Tuesday, September 30, 2008

Beda Lebaran

Di Indonesia, ada  jemaah yang merayakan lebaran di hari Senin, ada yang di hari Selasa, dan ada pula yang berlebaran di hari Rabu. Meski ini adalah kenyataan yang tak diharapkan, namun bila mengingat bahwa Indonesia adalah negeri muslim terbesar di dunia yang tersebar di begitu amat luas wilayah, ketidakseragaman tentang sesuatu menjadi lebih mudah untuk difahami.

Namun, bila ketidakseragaman itu terjadi di Taiwan, sesungguhnyalah amat layak untuk menjadi pertanyaan. Tahun ini, insya Allah adalah lebaran ketiga yang kujalani di Taiwan. Sepanjang ingatanku, pada ketiga tahun itu selalu terdapat perbedaan penetapan hari raya. 

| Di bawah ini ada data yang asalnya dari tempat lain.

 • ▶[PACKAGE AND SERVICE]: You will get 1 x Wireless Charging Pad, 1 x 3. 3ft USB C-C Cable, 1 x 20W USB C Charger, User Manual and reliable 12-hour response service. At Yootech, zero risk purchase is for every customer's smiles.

Berlainan dengan di Indonesia yang pemerintah selalu menyelenggarakan sidang itsbat untuk menetapkan awal dan akhir Ramadan bersama organisasi keagamaan setanah air, penetapan hari raya idul fitri maupun idul adha di Taiwan merupakan otoritas imam masjid masing-masing. Jadilah, meski luas wilayah Taiwan hanyalah 35,980 sq km (bandingkan dengan luas Indonesia yang 1,919,440 sq km) dan jumlah muslim (termasuk pendatang) hanya berbilang puluhan ribu orang saja, namun sholat idul fitri diselenggarakan berlainan hari di berbagai kota. Bahkan antara Taipei dan Chungli yang hanya sejenak perjalanan pun ternyata tak seragam dalam menetapkan hari raya. 

Selamat Idul Fitri, taqobbalallahu minna wa minkum...

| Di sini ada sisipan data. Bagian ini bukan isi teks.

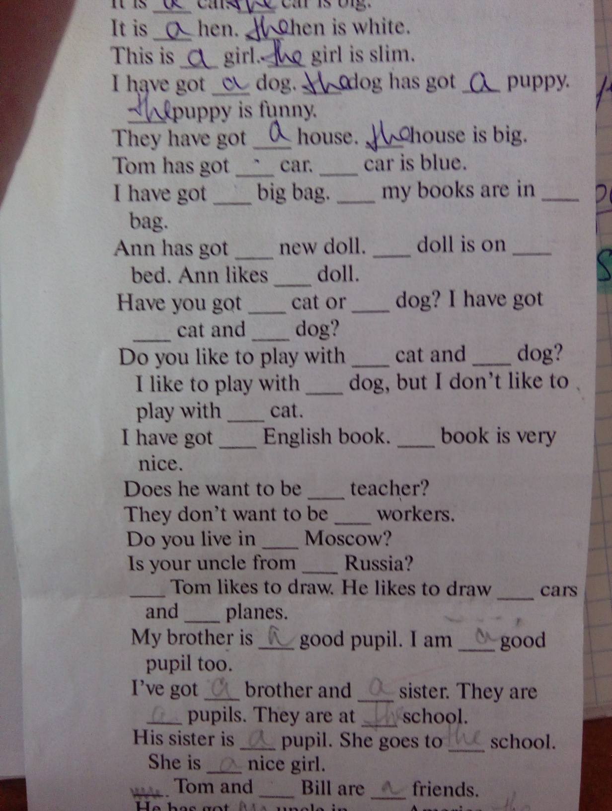4)Have you got a car or a dog? I have got a cat and a dog?

Sunday, September 21, 2008

Teman Sekamarku Seorang Komunis

Waktu menunjukkan hampir pukul sepuluh malam saat aku tiba di depan pintu kamarku. Lampu kamar menyala, menandakan ada seseorang di dalam kamar. Seorang lelaki berperawakan tegap, berkulit terang, mata sipit dan rambut lurus menyapa dengan senyum mengembang. Tics, begitu ia menyebutkan namanya. Ia berasal dari Vietnam dan mengambil program master di Department of Mechanical Engineering. 

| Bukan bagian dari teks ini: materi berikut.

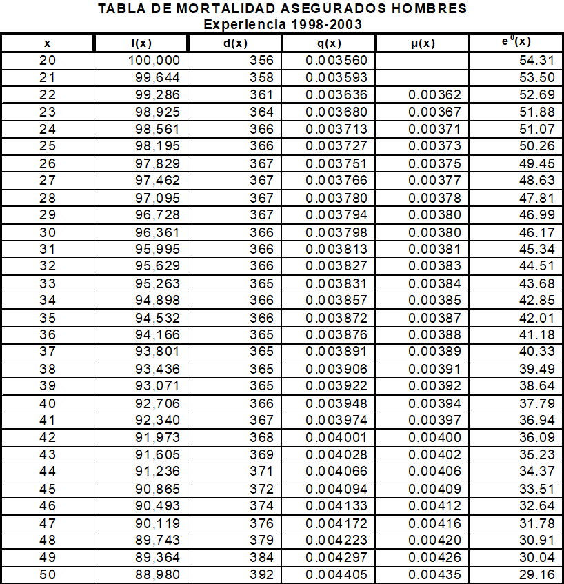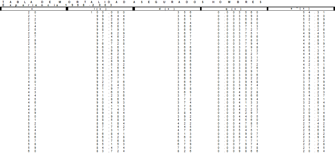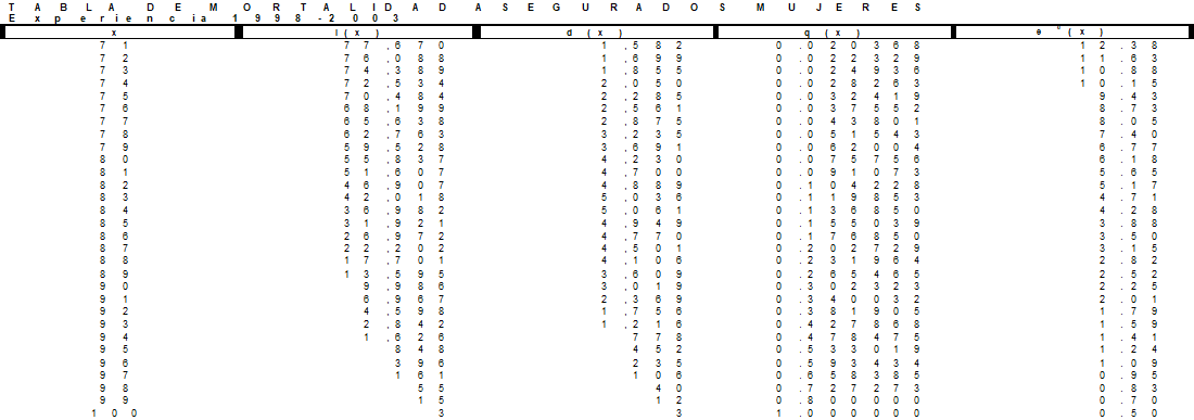 TABLAS COLOMBIANAS DE MORTALIDAD DE LOS ASEGURADOS

Kuatur laptopku agar dapat segera menyampaikan laporan ke rumah, meski tubuh terasa remuk. Sejak sebelum subuh telah meninggalkan rumah, dan baru tiba hampir 18 jam kemudian. Untunglah, bandara Hongkong yang konon sempat ditutup hari sebelumnya, cerah di hari itu. Namun, transit yang hampir empat jam serta gerbang keberangkatan yang berpindah-pindah tak urung membuat kaki menjadi letoi tak terperi. Begitu capeknya, sehingga sempat terlelap beberapa menit menjelang pesawat mendarat di tengah guyuran hujan lebat. Sebagai apresiasi kepada pilot, sebagian penumpang bertepuk tangan begitu roda pesawat mendarat dengan selamat di landasan Bandara Kaohsiung.

Sesungguhnya, kamar ini berpenghuni tiga orang. Seorang lagi, Abraham yang orang Kanada, memilih tinggal di luar dorm, dan hanya menitipkan barang-barang miliknya saja. Sesekali ia datang bila memerlukan barang-barang tersebut. Lagipula, rasanya tak mungkin ia yang bertinggi badan lebih 2 meter tidur di dorm yang panjang tempat tidurnya hanya sekitar 175 cm. Penghuni baru, Tics, tampaknya rajin. Kaca jendela yang sudah setahun tak pernah tersentuh lap, tiba-tiba kinclong. Sampai lewat tengah malam juga masih belajar, diseling ngobrol melalui instant messenger. Tetapi, kalau sedang ngobrol, ia terdengar lebih seperti bergumam, nyaris tak terdengar. Jadilah, aku tak merasa terganggu meski ia mengobrol menjelang aku terbuai mimpi.

Seperti halnya banyak kawan yang berasal dari Vietnam, teman baruku ini juga sorang komunis. Dia tidak percaya agama pula tak percaya Tuhan. Hanya percaya pada roh leluhur. Meski tak pernah bertanya, kurasa ia merasa aneh melihatku bolak-balik jengkang-jengking ...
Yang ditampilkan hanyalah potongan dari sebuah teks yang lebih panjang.